Answer
a. $w=6in$, $d=6\sqrt 3\approx 10.4in$,
b. See graph and explanations.
c. See graph and explanations.
Work Step by Step
a. Step 1. We can model the strength with an equation $S=kwd^3, 0\leq w\leq 12,0\leq d\leq 12$, where $k\gt0$ is a constant, $w$ is the width, and $d$ is the depth.

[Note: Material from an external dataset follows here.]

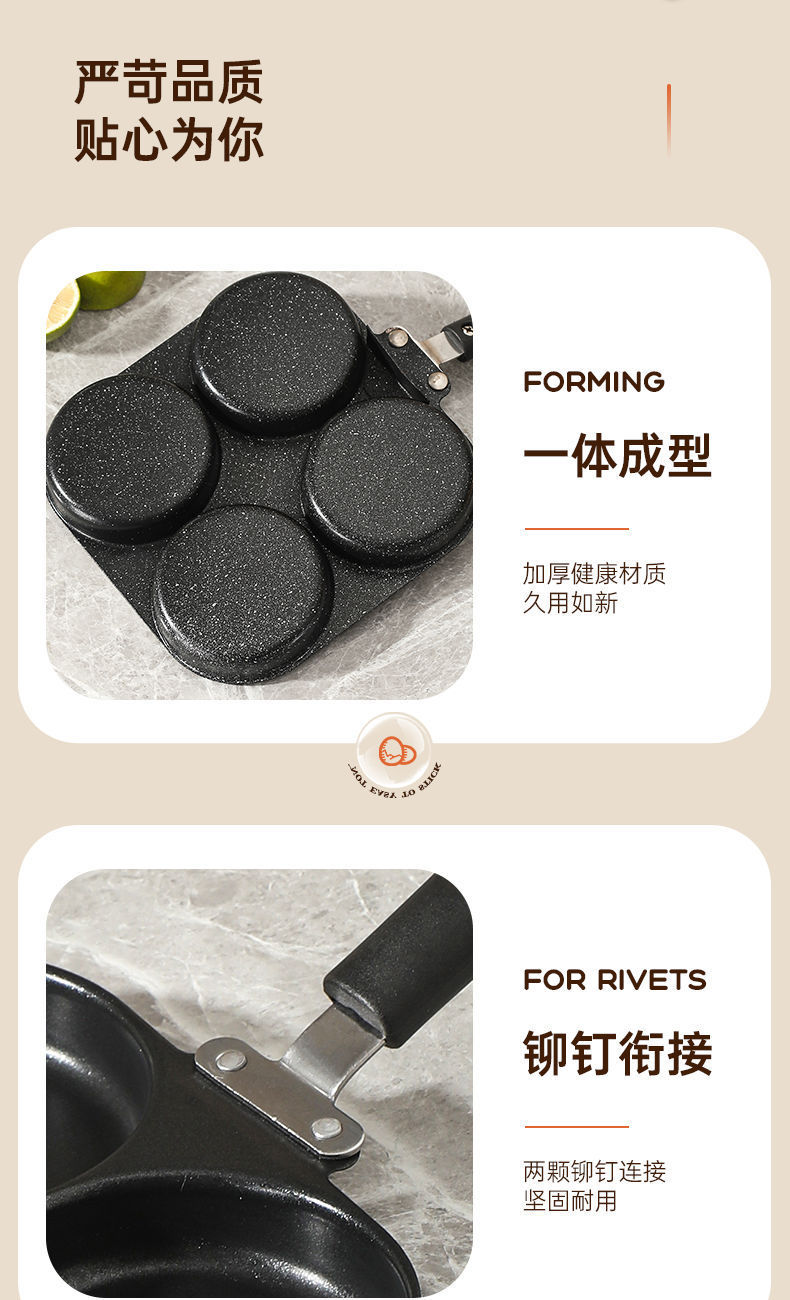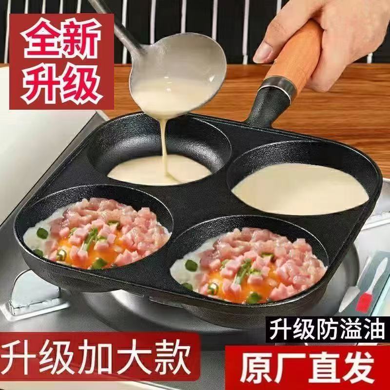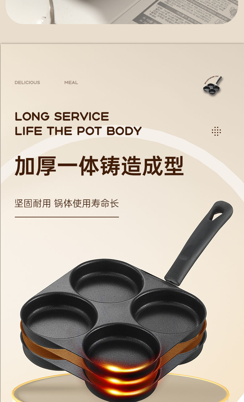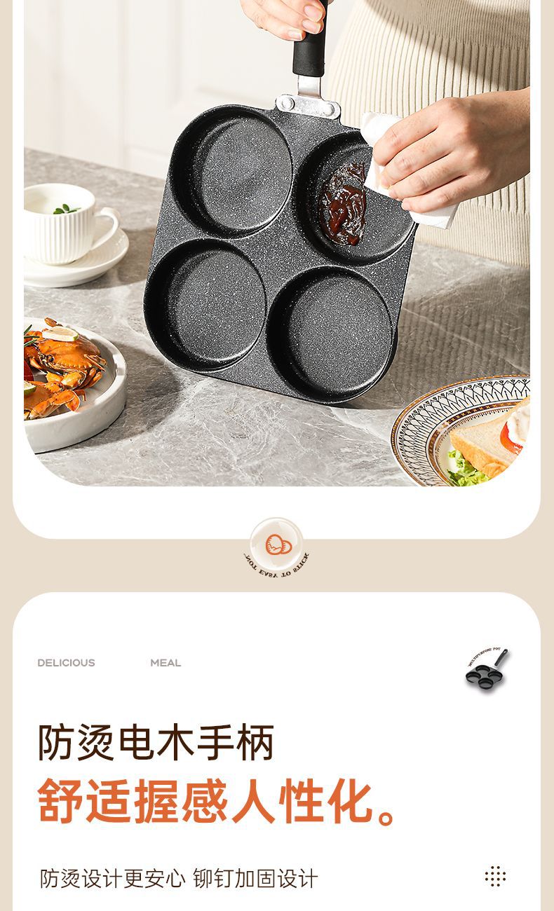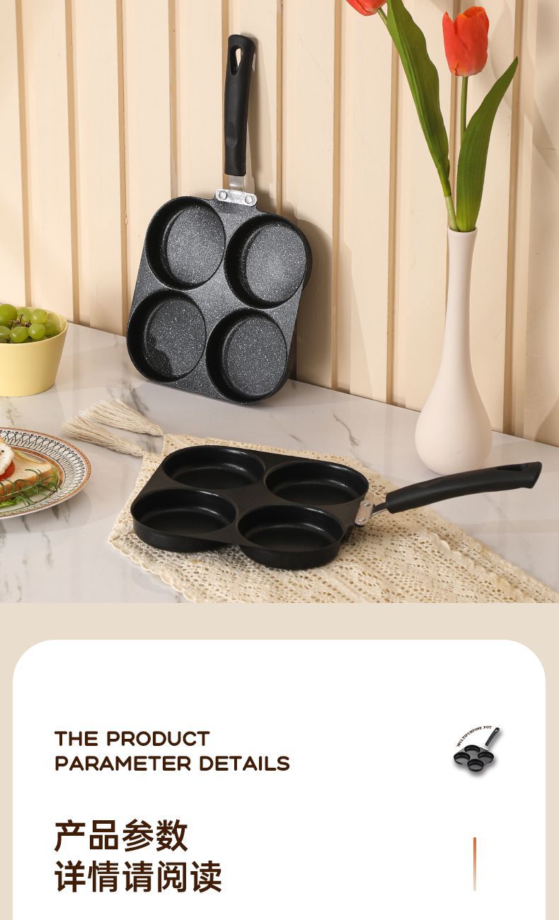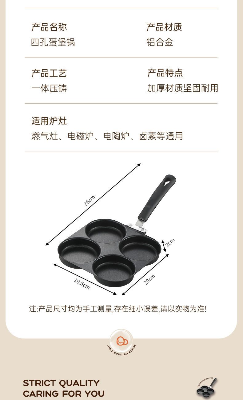 フライパン 4 穴ハンバーガー鋳鉄平底朝食ノンスティックパン型家庭用フライパンコーティングされた卵オムレツアーティファクト

Step 2. Using the Pythagorean Theorem, we have $w^2+d^2=12^2$ or $d=\sqrt {144-w^2}$; thus $S=kw(144-w^2)^{3/2}$,
Step 3. $S'=k(144-w^2)^{3/2}+\frac{3}{2}kw(144-w^2)^{1/2}(-2w)=k(144-w^2)^{1/2}(144-4w^2)$,
Step 4. $S''=\frac{1}{2}k(144-w^2)^{-1/2}(-2w)(144-4w^2)+k(144-w^2)^{1/2}(-8w)=k(144-w^2)^{-1/2}(-144w+4w^3-8\times144w+8w^3)=12kw(144-w^2)^{-1/2}(w^2-108)$.
Step 5. Setting $S'=0$, we get $w=6in$ (discard $w=12$), $d=\sqrt {144-36}=6\sqrt 3\approx 10.4in$, and $S=kwd^3=6(6\sqrt 3)^3k=3888\sqrt 3k\approx6734k$. We can confirm this is a maximum by checking $S''(6)\lt0$, indicating a concave down region with a maximum.
b. With $k=1$, we have $S(w)=w(144-w^2)^{3/2}$ and we can graph the function as shown in the figure. We can find a maximum at $(6,6734)$, which agrees with the results from part (a).
c. Rewriting the function in terms of $d$, we have $S(d)=wd^3=d^3\sqrt {144-d^2}$ and we can graph the function as shown in the figure. We can find a maximum at $(10.4,6734)$ which agrees with the results from part (a).